[What the task requires] With pictures left out, write out exactly every line from the start of the data through the one that contains "Noch einmal warteten".

[Material provided]
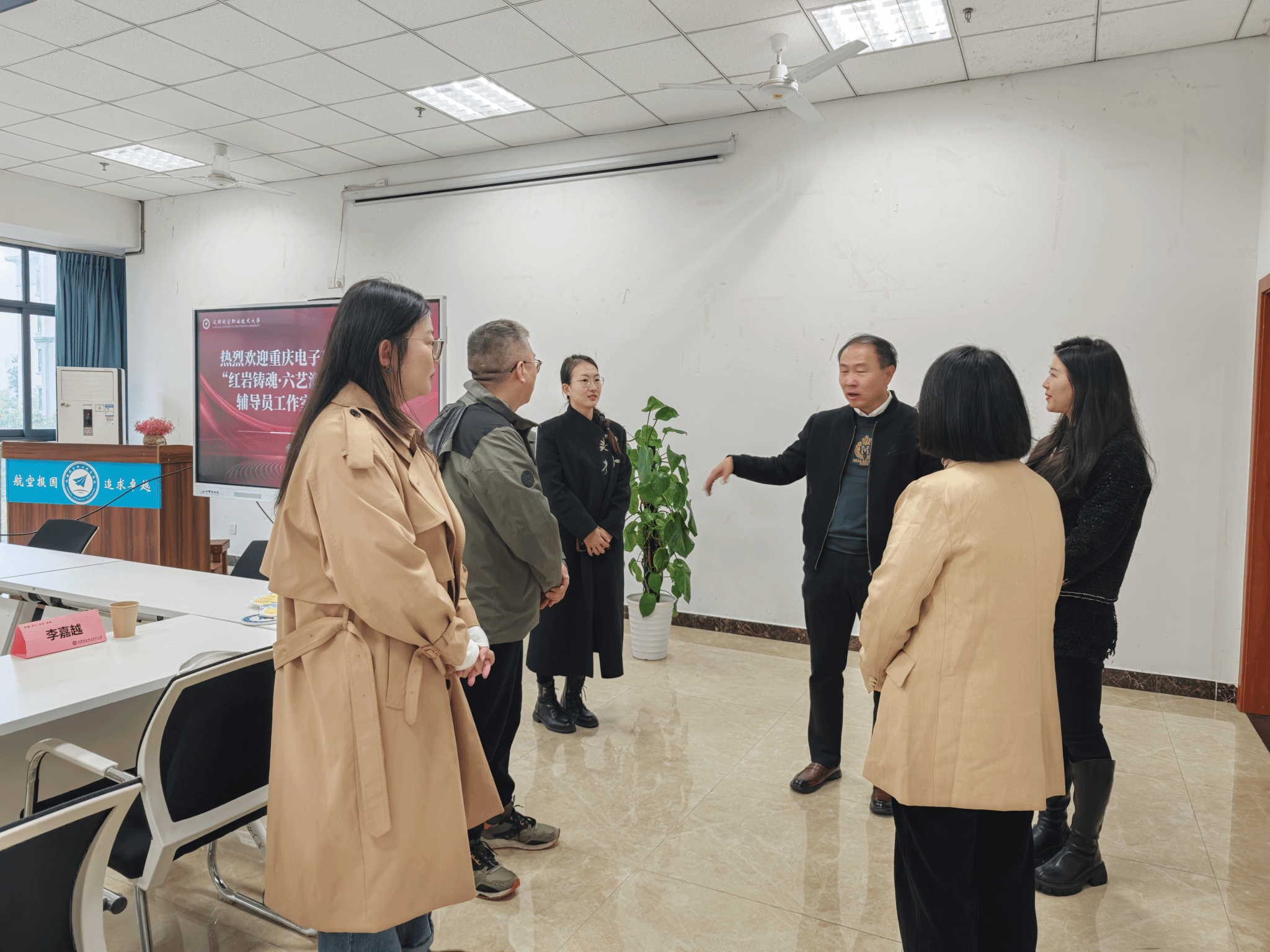 11月7日,工作室团队抵达成都航空职业技术大学,与该校“学思践悟”辅导员领航力工作室开展专题调研。成都航院学生工作部部长叶峰对工作室一行表示欢迎,并强调了辅导员在落实立德树人根本任务中的关键作用,期待双方在资源共享、经验互通中探索队伍建设创新模式。“红岩铸魂·六艺润心”工作室负责人对此回应,高度评价了成都航院在辅导员专业化培养方面的成果,并表示期待通过跨校联动,推动育人工作从“单点突破”向“系统集成”跃升,共同打造兼具航空特色与文化底蕴的育人品牌。
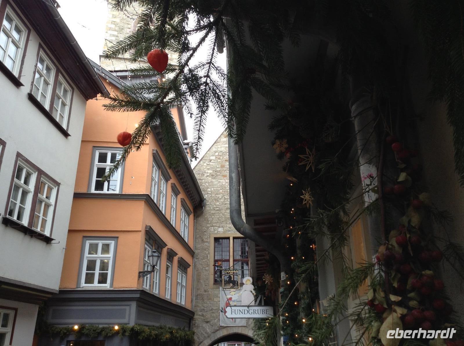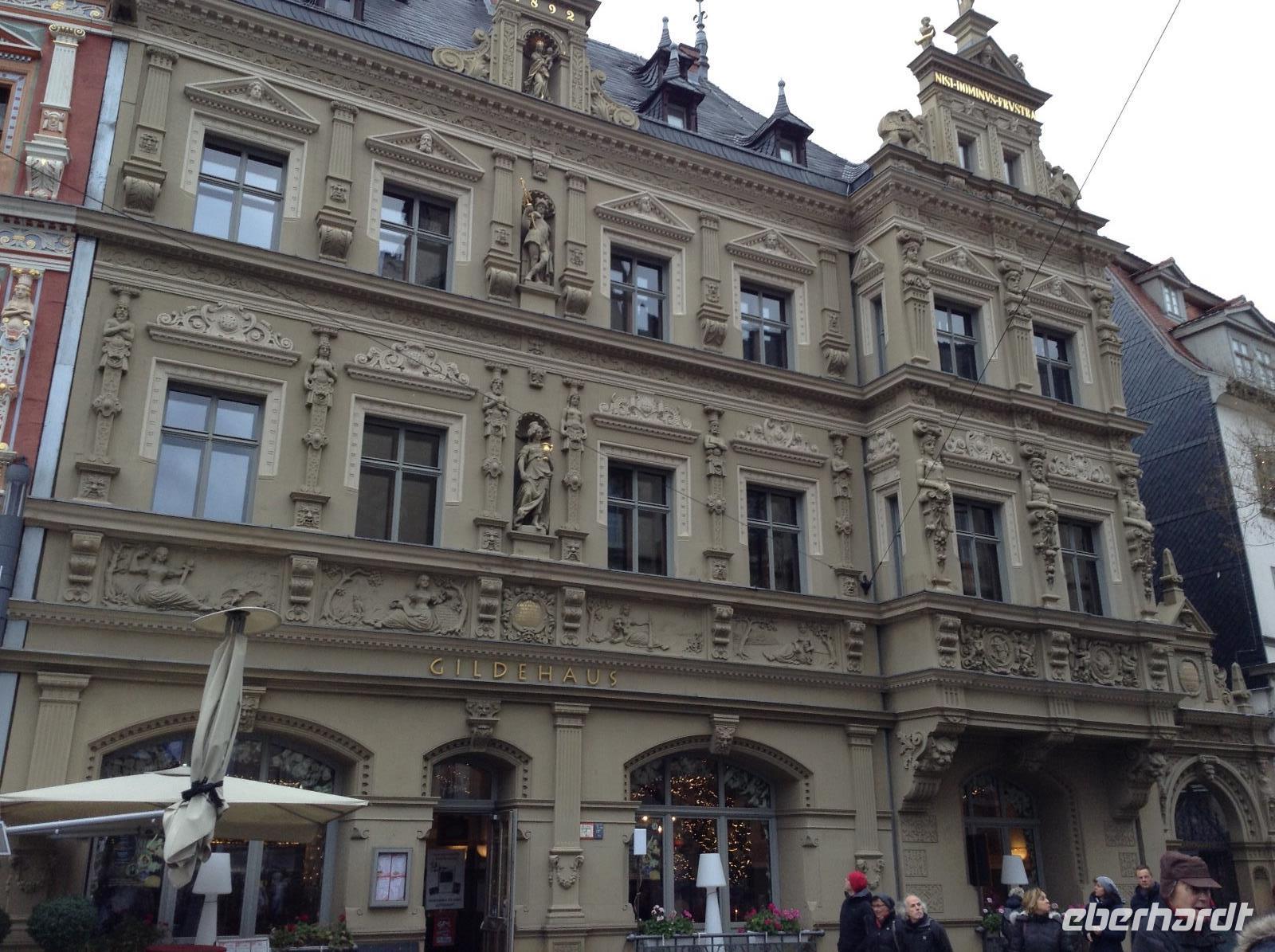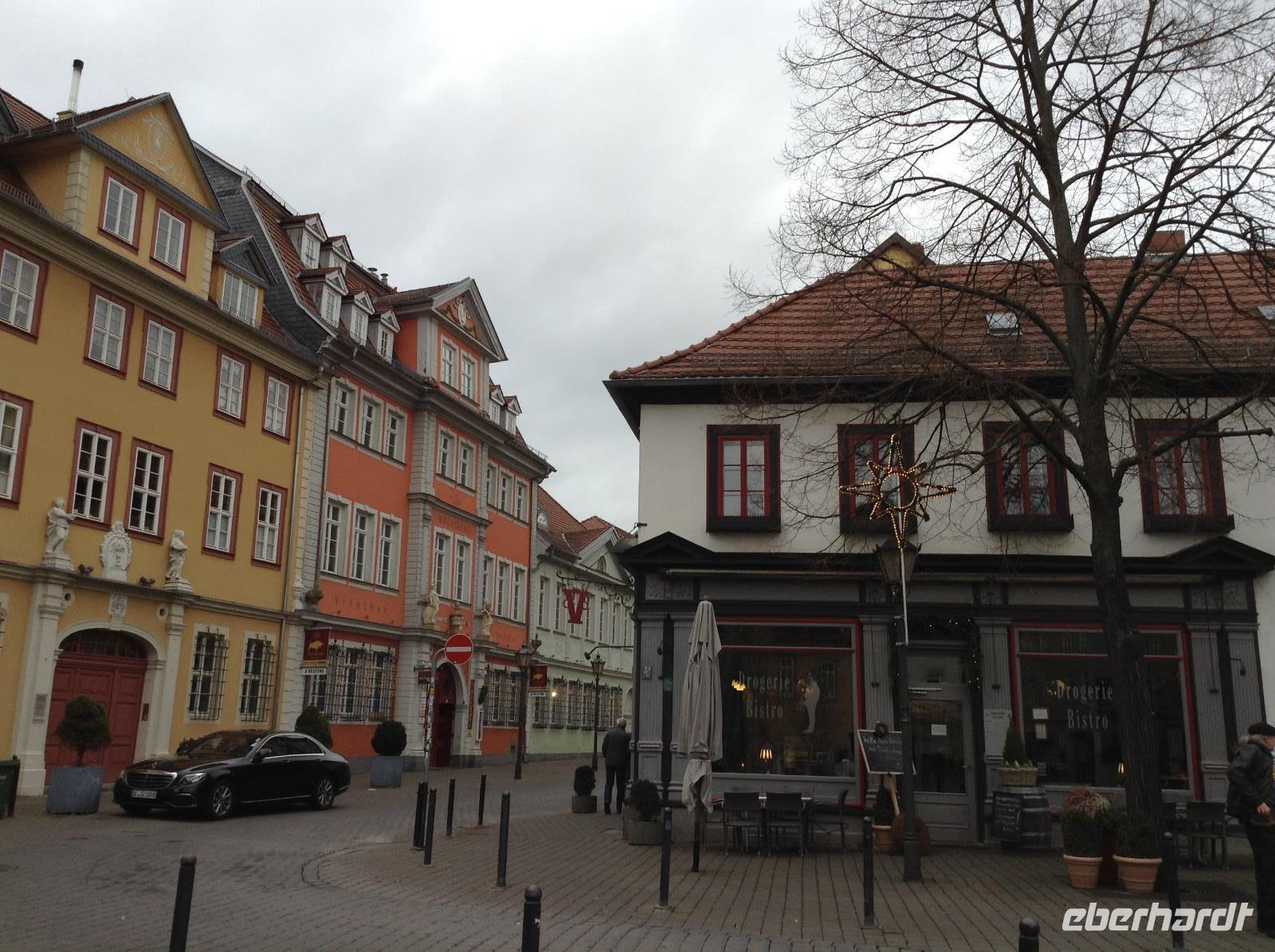 Noch einmal warteten 2 Stadtführer auf uns und führten uns durch die bedeutende geschichtsträchtige Weimarer Altstadt, vorbei an der Anna Amalia Biblothek, den Wohnhäusern von Goethe und Schiller, dem Theater, dem Wittumspalais, den vielen Museen der Stadt. Am Marktplatz mit dem neogotischen Rathaus endete unsere Stadtführung. Anschließend hatte jeder noch genügend freie Zeit, um Weimar selbst noch etwas zu erkunden oder gemütlich zum Mittag zu essen. Auch der Weihnachtsmarkt war in Weimar noch voll im Gange mit Glühwein und Thüringer Bratwurst.
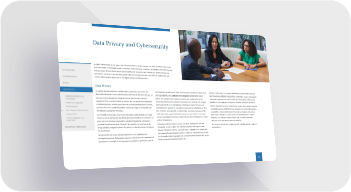 Data Privacy and Cybersecurity As digital solutions play an ever-larger role in financial services and the economy as a whole, the risk of cyber-attacks and other threats to information security continues to evolve and grow. In addition, the individuals with whom the Firm interacts expect that our data practices are safe and lawful. Data privacy and cybersecurity therefore remain top priorities for our Firm. At the same time, greater reliance on remote work due to the COVID-19 pandemic has only further underscored the importance of safe digital solutions and data practices. and remediation activities in the Firm. The Firm’s privacy framework outlines roles and responsibilities, sets compliance risk management controls in the form of policies and standards, directs advisory requests, and provides protocols for monitoring, reporting and escalation of key privacy risks and issues. The program reports periodically to our management, including our Board of Directors. Our multi-stakeholder approach to oversight and governance is embedded in our three lines of defense and supported by dedicated data and privacy teams around the world. We provide regular training and awareness to our workforce, not only on core privacy obligations and how to meet them, but also on emerging risks, trends and new developments. Information on how we collect, process, use, share and disposition personal information, as well as rights that individuals may have with respect to their personal information and how to exercise them, is available on our websites and upon request through multiple channels. In addition to traditional privacy notices, we often publish related materials such as frequently asked questions and tips for keeping personal financial information safe. We have a wide range of technological, administrative, organizational and physical security measures designed to safeguard the confidentiality, integrity and availability of personal information. Our Code of Conduct and related policies include specific guidelines on how employees should protect customers’ confidential information. We have established processes and procedures to report and respond to suspected or actual data privacy incidents that may compromise the confidentiality, integrity or availability of personal information. We provide our employees the ability to make reports through our internal systems. Our centralized process requires escalation to a dedicated incident response team for severity assessment, mitigation, root cause analysis and corrective action. In accordance with the Firm's policies, we notify individuals and our regulators of data incidents. Data Privacy As a global financial institution, our Firm collects, processes, uses, shares and dispositions all manner of personal information and financial data every day, and we have processes to manage that data in accordance with the laws, rules and regulations of the countries in which we operate. We take a multi-faceted approach to addressing privacy and data protection risks, including maintaining and evolving our internal controls, establishing policies covering all stages of the data lifecycle and deploying appropriate technology. Our Firmwide internal policy on personal information applies globally to our legal entities as well as third parties that handle personal information on our behalf. The policy sets forth minimum requirements including that personal information is processed for defined purposes. The policy also specifies the use of privacy by design principles, designed to ensure that privacy is taken into account throughout the data lifecycle. Data protection and privacy are key components of our global data risk management program. That program focuses on execution of the compliance and operational risk oversight of data management and privacy governance, controls 55 INTRODUCTION ENVIRONMENTAL SOCIAL GOVERNANCE Corporate Governance and ESG Oversight Stakeholder Engagement Risk Management Data Privacy and Cybersecurity Business Ethics Political Engagement and Public Policy ESG REPORT APPENDICES

[Solution for this exercise]
 11月7日,工作室团队抵达成都航空职业技术大学,与该校“学思践悟”辅导员领航力工作室开展专题调研。成都航院学生工作部部长叶峰对工作室一行表示欢迎,并强调了辅导员在落实立德树人根本任务中的关键作用,期待双方在资源共享、经验互通中探索队伍建设创新模式。“红岩铸魂·六艺润心”工作室负责人对此回应,高度评价了成都航院在辅导员专业化培养方面的成果,并表示期待通过跨校联动,推动育人工作从“单点突破”向“系统集成”跃升,共同打造兼具航空特色与文化底蕴的育人品牌。
 Noch einmal warteten 2 Stadtführer auf uns und führten uns durch die bedeutende geschichtsträchtige Weimarer Altstadt, vorbei an der Anna Amalia Biblothek, den Wohnhäusern von Goethe und Schiller, dem Theater, dem Wittumspalais, den vielen Museen der Stadt. Am Marktplatz mit dem neogotischen Rathaus endete unsere Stadtführung. Anschließend hatte jeder noch genügend freie Zeit, um Weimar selbst noch etwas zu erkunden oder gemütlich zum Mittag zu essen. Auch der Weihnachtsmarkt war in Weimar noch voll im Gange mit Glühwein und Thüringer Bratwurst.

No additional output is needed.